*** Opening Data for the task ***

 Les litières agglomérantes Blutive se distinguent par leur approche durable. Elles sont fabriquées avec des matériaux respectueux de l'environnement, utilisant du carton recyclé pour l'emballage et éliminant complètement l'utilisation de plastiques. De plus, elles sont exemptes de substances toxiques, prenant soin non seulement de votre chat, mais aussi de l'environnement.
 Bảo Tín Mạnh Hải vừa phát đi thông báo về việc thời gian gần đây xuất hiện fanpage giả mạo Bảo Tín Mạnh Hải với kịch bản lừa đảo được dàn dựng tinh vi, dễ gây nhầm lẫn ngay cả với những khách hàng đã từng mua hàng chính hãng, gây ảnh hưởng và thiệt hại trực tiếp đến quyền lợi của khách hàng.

*** Closing Data for the task ***
*** Opening Data for the task ***

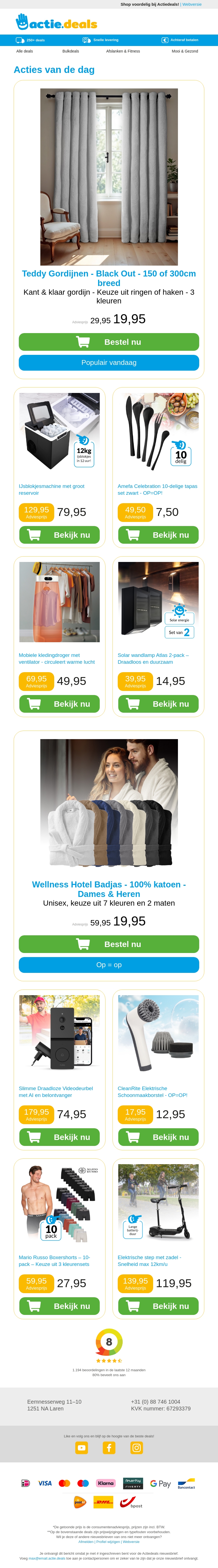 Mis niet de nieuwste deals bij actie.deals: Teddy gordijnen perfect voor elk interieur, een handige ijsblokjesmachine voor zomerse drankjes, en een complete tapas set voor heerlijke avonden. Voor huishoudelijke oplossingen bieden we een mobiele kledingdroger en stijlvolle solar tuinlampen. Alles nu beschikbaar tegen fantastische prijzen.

*** Closing Data for the task ***
*** Opening Data for the task ***

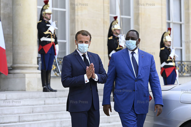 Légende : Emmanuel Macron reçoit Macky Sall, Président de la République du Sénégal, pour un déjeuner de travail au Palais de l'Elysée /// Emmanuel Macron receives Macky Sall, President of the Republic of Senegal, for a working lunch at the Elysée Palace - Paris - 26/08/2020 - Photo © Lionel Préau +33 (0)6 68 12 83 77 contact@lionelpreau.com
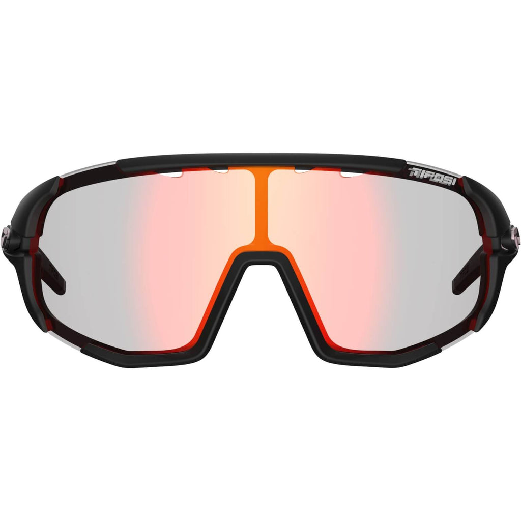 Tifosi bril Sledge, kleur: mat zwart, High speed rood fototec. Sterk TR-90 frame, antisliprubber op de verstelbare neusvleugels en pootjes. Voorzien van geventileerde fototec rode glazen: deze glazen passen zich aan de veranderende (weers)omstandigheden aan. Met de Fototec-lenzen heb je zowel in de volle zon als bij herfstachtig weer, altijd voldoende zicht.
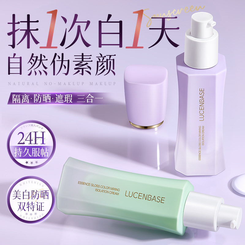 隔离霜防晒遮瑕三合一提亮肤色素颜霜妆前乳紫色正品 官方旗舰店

*** Closing Data for the task ***

**Exercise**
Which part of the entries opens with the line containing "Tifosi bril Sledge, kleur: mat" and closes with the line containing "隔离霜防晒遮瑕三合一提亮肤色素颜霜妆前乳紫色正品 官方旗舰店"? Output that part exactly, ends included, pictures excluded.

**Answer for the task**
 Tifosi bril Sledge, kleur: mat zwart, High speed rood fototec. Sterk TR-90 frame, antisliprubber op de verstelbare neusvleugels en pootjes. Voorzien van geventileerde fototec rode glazen: deze glazen passen zich aan de veranderende (weers)omstandigheden aan. Met de Fototec-lenzen heb je zowel in de volle zon als bij herfstachtig weer, altijd voldoende zicht.
 隔离霜防晒遮瑕三合一提亮肤色素颜霜妆前乳紫色正品 官方旗舰店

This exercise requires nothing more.